Przychody grupy Modivo spadły w minionym kwartale o 4 proc. do 953 mln zł. 21-procentowy wzrost w szyldzie Modivo (do 278 mln zł) nie wystarczył przy 12-procentowym spadku w eObuwiu (do 675 mln zł). Strata operacyjna urosła dziesięciokrotnie do 60 mln zł, a 13 mln zł skorygowanego zysku EBITDA zamieniło się w 24 mln zł na minusie.
W II i III kw. motorem napędowym grupy był szyld CCC, a konkretnie restrukturyzacja jego kosztów. Natomiast IV kw. w spółce z reguły nie jest najlepszym okresem dla sprzedaży obuwia, bo ma tylko jeden mocny miesiąc: listopad. W grudniu nieszczególnie kupujemy buty, a styczeń to czas wyprzedaży. W związku z tym ciężar w grupie będzie przesunięty na HalfPrice i zastanawiam się, czy jest on w stanie udźwignąć spoczywające na nim oczekiwania – zwłaszcza pod względem marży operacyjnej będącej pod presją.

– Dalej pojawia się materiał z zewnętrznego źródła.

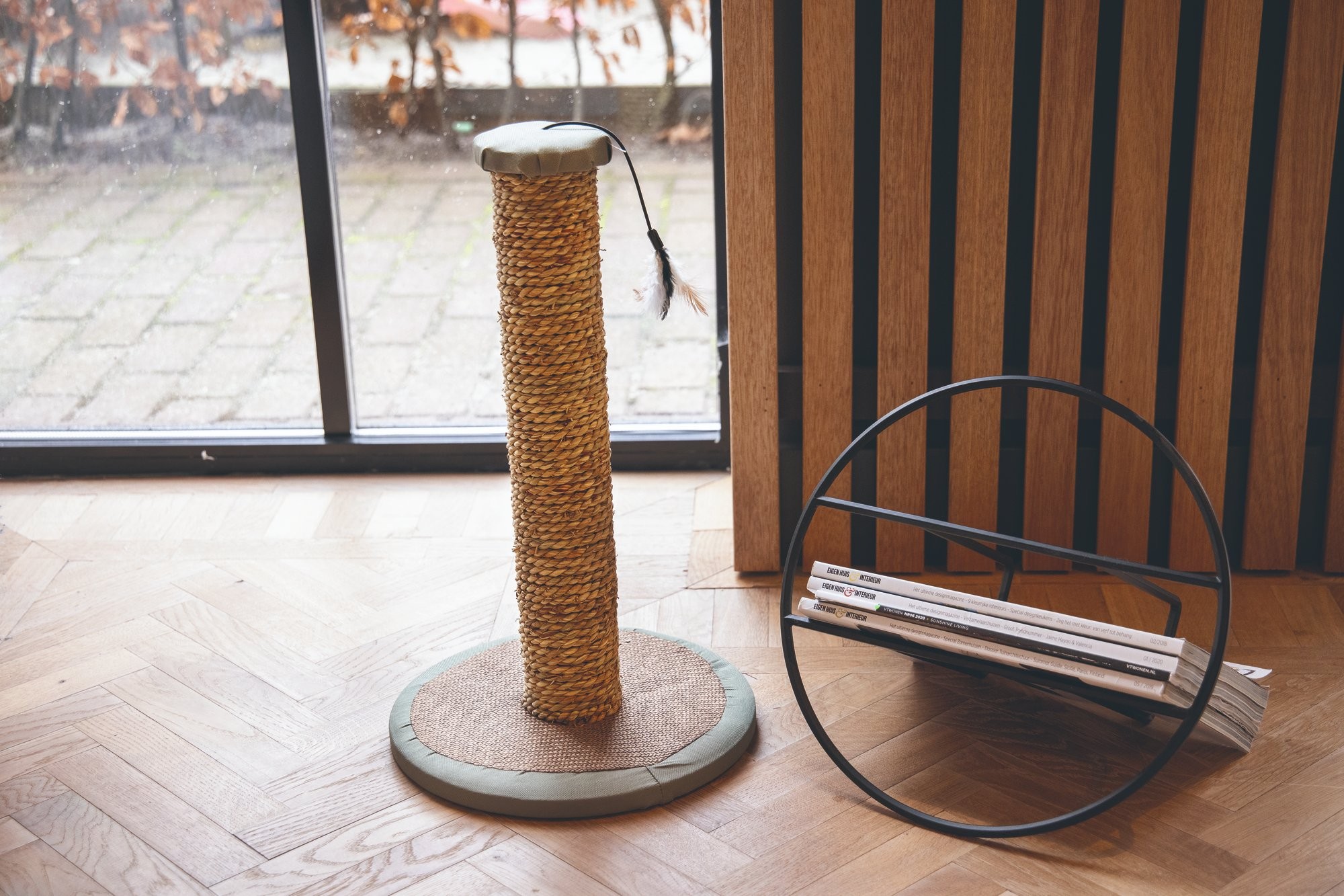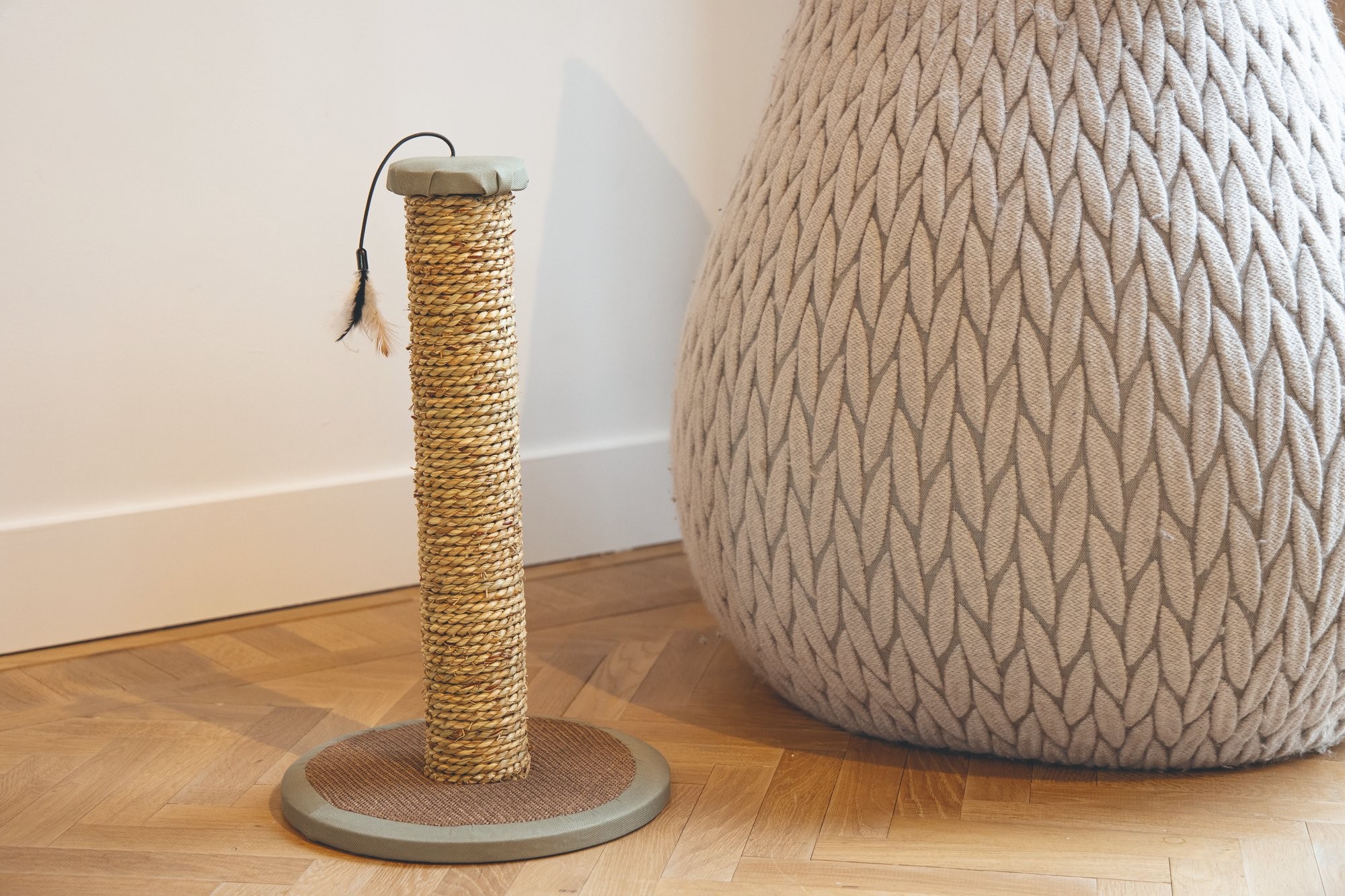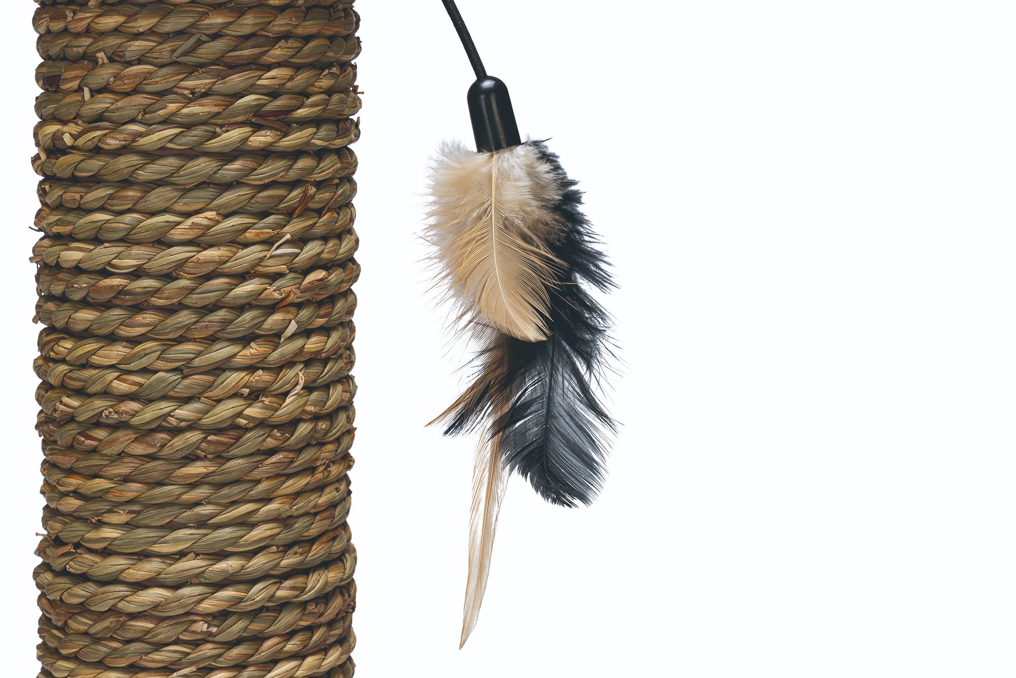 Škrabadlo pro kočky s efektním pírkem. Celý popis
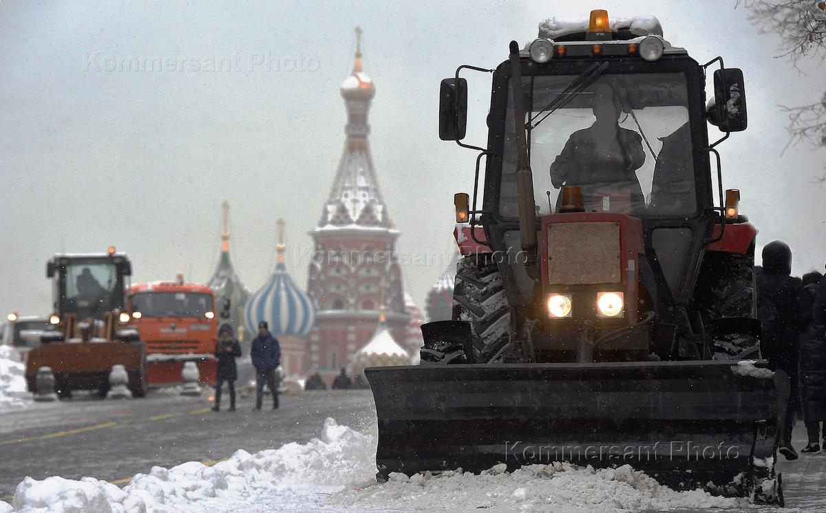 Жанровая фотография. Снегопад в городе. Спецтехника на Красной площади во время расчистки снега.
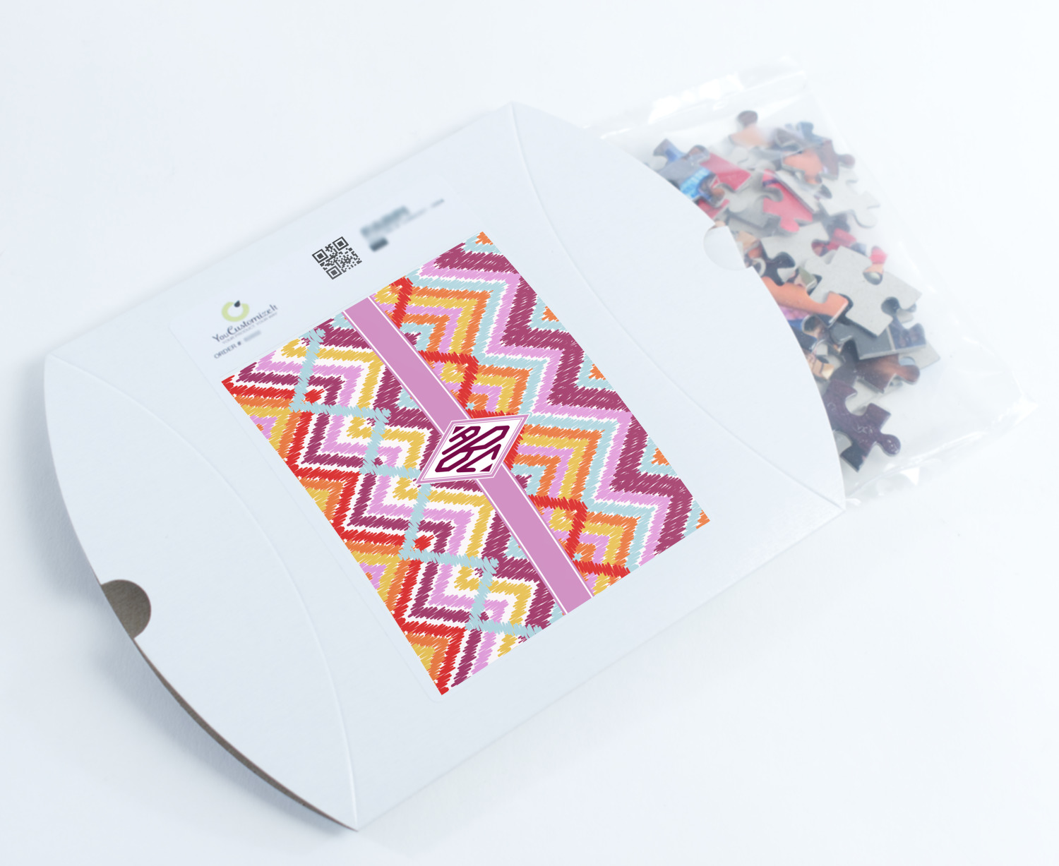 You can also upload your logo or art that you or your kids drew. To create more challenging jigsaw puzzles, you can create a pattern from with your logo or artwork. You can also add other elements such as text or personalization.
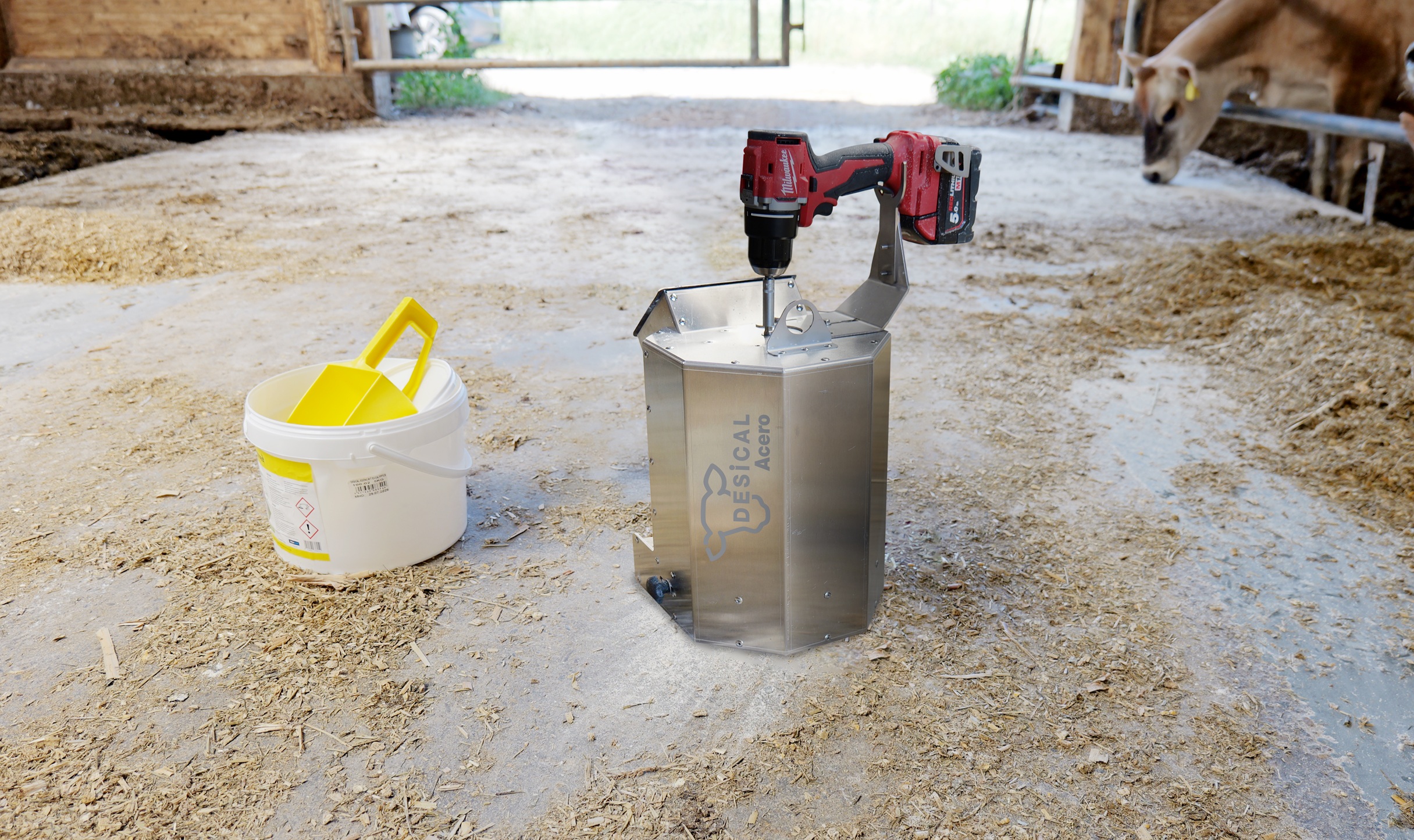 DESICAL® bringt einen eigenen Streuer auf den Markt. Der neu entwickelte DESICAL® Acero ersetzt bisherige Kunststoffstreuer innerhalb und außerhalb des Stalls und ist zum Patent angemeldet. Der Clou: Er passt an jeden Akkuschrauber.
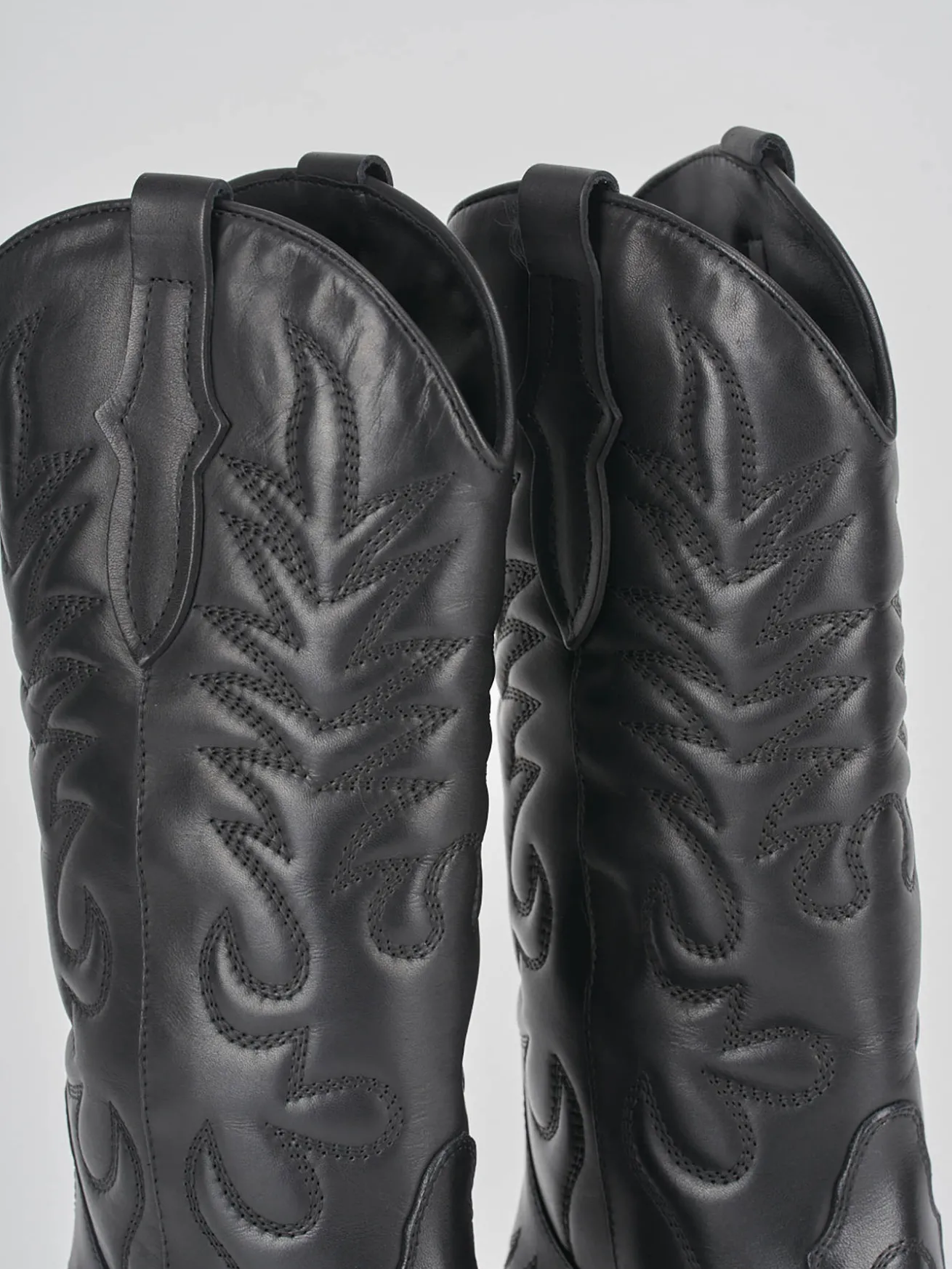 Stivale texano tacco 6 cm fondo in cuoio e soletto interno in vera pelle. Tomaia in morbida pelle, punta sfilata, ricami in tinta ghette che mantegono la forma del gambale che misura appena sotto il ginocchio. tacco cubano per un look cool.
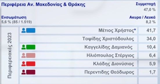 - 20:00Περιφέρεια Ανατολικής Μακεδονίας και Θράκης, ενσωμάτωση στο 5,6%:
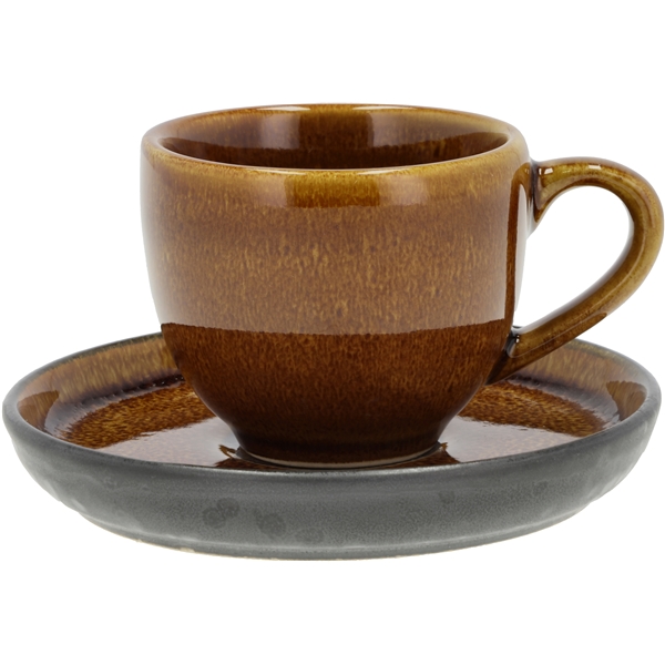 Hieno espressokuppi korvalla ja siihen yhteensopiva asetti rustiikkisesta kivikeramiikasta. Asetin alapuolen pinnassa on mattainen, musta lasitus, yläpinnassa on sama kiiltävä ja värjätty lasitus kuin kupin ulko- ja sisäpinnassa. Tilavuus 7 cl. Halkaisija. 5,5 x 5 cm. Kivitavara kestää konepesun, mikroaaltouunin ja uunin 220 lämpötilaan asti.

Odniosłam wrażenie, że spółka zasygnalizowała rewizję całorocznych oczekiwań przedstawionych na początku roku. Co do przyszłego roku – 19-procentowa podwyżka płacy minimalnej może przyczynić się do wzrostu przychodów CCC, ale na pewno wywrze presję na koszty. Pozytywne wydaje się natomiast uznanie za realne przeprowadzenie IPO [pierwszej oferty publicznej – red.] Modivo pod koniec 2024 r.